Furhat consists of a motorized robotic head that can change its orientation and display different faces through a back projection system and a replaceable physical mask. It can emit speech sounds with customizable voices and use human-like facial expressions. It can also detect humans visually and auditively and interact with them. Its interactions benefit from its conversational capabilities, its customizability and programmability to achieve ad hoc tasks. Furhat has been used in studies related to different aspects of human–robot interaction [27,28].

2.2. Experimental Set-Up

The general outline of the experimental configuration is shown in Figure 2. A dry sensor interface-24 (DSI-24) EEG headset is used to capture brainwave activities through 24 electrodes positioned on the subject’s scalp. The subject participates in a video gaming environment, where they are exposed to both visual and auditory stimuli. Their interaction with this environment is enabled through the use of a gaming controller or a car simulator driving wheel, which allows for active engagement in the video games.
While the subject is deeply engaged in the game, the DSI-24 EEG headset continuously records the brain’s electrical activity. The captured raw EEG data are subsequently transformed into a two-dimensional brain heatmap. This heatmap offers a visual depiction of the brain’s electrical dynamics, effectively illustrating the variations in activity across different regions of the brain in a clear, easily interpretable format. This representation, known as brain topology, provides crucial insights into the spatial distribution and connectivity of brain activity. In this work, the EEG device adheres to the internationally recognized 10–20 system for electrode placement on the scalp. This system delineates specific regions for electrode placement with the following labels: Fp (frontopolar), F (frontal), C (central), P (parietal), O (occipital), T (temporal), and A (auricular, near the ear). Odd-numbered electrodes are positioned on the left side of the scalp, while even-numbered electrodes are located on the right side [29]. The DSI-24 Dry EEG device, featuring 24 channels, is employed, including 21 sensor electrodes at positions Fp1, Fp2, Fz, F3, F4, F7, F8, Cz, C3, C4, T7/T3, T8/T4, Pz, P3, P4, P7/T5, P8/T6, O1, O2, A1, and A2, with an additional Fpz electrode serving as the ground. The electrode placement of the DSI-24 ensures standardized and reproducible measurements of brain activity, as illustrated in Figure 3. Figure 4 shows one of the sensor electrodes of the DSI-24 device, which has a diameter of around 2.5 cm for the outer circle of black pins and a diameter of around 1.5 cm for the inner circle of gray pins. Overall, the electrodes are distributed on the device to fit a wide range of head sizes: from 54 to 62 cm circumference for adults (available: https://wearablesensing.com/wp-content/uploads/2021/12/Wearable-Sensing-DSI-24-Specification-Sheet_s.pdf, accessed on 17 July 2024).
Subsequently, a Support Vector Machine (SVM) classifier [30] is utilized to analyze the EEG heatmap data. This classifier is specifically designed to determine the subject’s cognitive stress level during the gaming experience. Employing sophisticated algorithms, the classifier categorizes stress levels, quantifying the cognitive load experienced by the subject. Concurrently, a large language model (LLM)-enabled Furhat Robot is integrated into the experimental setup. The specific LLM utilized in this work is the Generative Pre-trained Transformer (GPT), known for its advanced natural language processing and generation capabilities. This robot plays a crucial role in guiding the subject through the data acquisition protocol, and also in providing real-time feedback.

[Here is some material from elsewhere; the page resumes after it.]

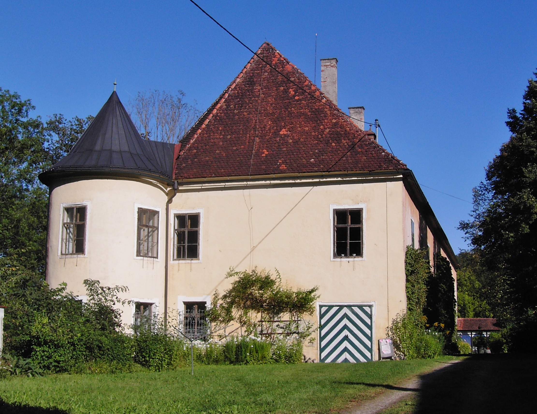 Schloss Rosenegg, Rosenegg in Garsten near Steyr, Austria

Based on the machine learning model’s classification outcomes, the Furhat Robot interacts with the subject. It is programmed to issue alerts regarding elevated cognitive stress levels, thus offering immediate monitoring and potential intervention.

2.3. Data Acquisition Procedure

The process of acquiring EEG data in the system level design involves crucial steps to guarantee the precision and dependability of the recorded brain signals. Initially a thorough cleaning of each electrode is carried out to eliminate any dust or impurities, which is essential for obtaining precise EEG readings. Following this, the EEG electrodes are strategically positioned on the participants head following the recognized DSI 10-20 standardized system to ensure comprehensive coverage of all brain regions. These electrodes capture the impulses of the brain, which are then amplified and converted into digital format by an EEG amplifier in-tandem with a analog-to-digital converter. The use of the amplifier does not only improve signal quality, but also reduces noise due to interference and cross-talk. Once digitized, the EEG signals are sent to a computer system equipped with software for pre-processing and analysis. This configuration enables the real time visualization and recording of the EEG data.
In EEG experiments, adhering to a systematic and standardized method is key to ensure smooth data collection and accurate EEG signal acquisition. This study employs varied stimuli to evoke cognitive stress and test cognitive-motor functions, providing a thorough understanding of brain responses under diverse conditions. This approach enhances the richness of the dataset and deepens insights into brain activity dynamics.
The first stimulus involves a virtual car simulator that is designed to engage participants, in both the learning process and in competitive gaming activities simultaneously. This simulation activates areas in the brain related to motor skills and mental challenges, offering a mix of fun and skill improvement. The second stimulus involves playing PlayStation games like FIFA and Fortnite, selected for their competitive nature. This competitiveness is expected to trigger responses linked to cognitive stress during fast decision making. The third activity is an educational game that tests players with tasks involving information processing, critical thinking, and decision making. This activity aims to engage higher level thinking skills and observe how the brain reacts.
Recruiting volunteers is a part of gathering data. Despite obstacles and the spontaneous nature of volunteer involvement, having a diverse and extensive dataset is crucial. A larger dataset with information significantly boosts the training of machine learning algorithms leading to better accuracy. To that end, in this research work, a total of 43 volunteers were utilized with roles between students, teachers and professors, with an age range from 23 to 45, were recruited. Each volunteer consented to using their brain EEG data in this study. A total of around 10 min were needed to place the DSI 24 EEG headset on each volunteers head for data collection purposes. The recording session utilized a total of 5 to 7 min per volunteer with a duration of 60 s before and after each stimulus. This additional time serves as guard bands and is used to establish a baseline of brain activity, prior-to and immediately proceeding the stimulus activity.

3. Results and Discussion

3.1. Implementation and EEG Measurements

An example of the implemented set-up is shown in Figure 5a, which displays a representative example of a player engaging in the FIFA video game using a controller, with the DSI-24 EEG headset securely positioned on their head. This image captures the typical setup of the gaming environment, highlighting how players interact with the game while their brainwave activity is being monitored. The DSI-24 headset is shown in use, illustrating its fit and placement on the player’s scalp, crucial for accurate EEG data collection. The ChatGPT-enabled Furhat Robot, characterized by its ability to exhibit various facial expressions, is shown in Figure 5b. The robot, designed for interactive communication, is shown in the process of conversing with a participant. This image emphasizes the robot’s advanced features, including its expressive capabilities and integration with the GPT language model, which enables it to provide feedback and guidance based on the EEG data.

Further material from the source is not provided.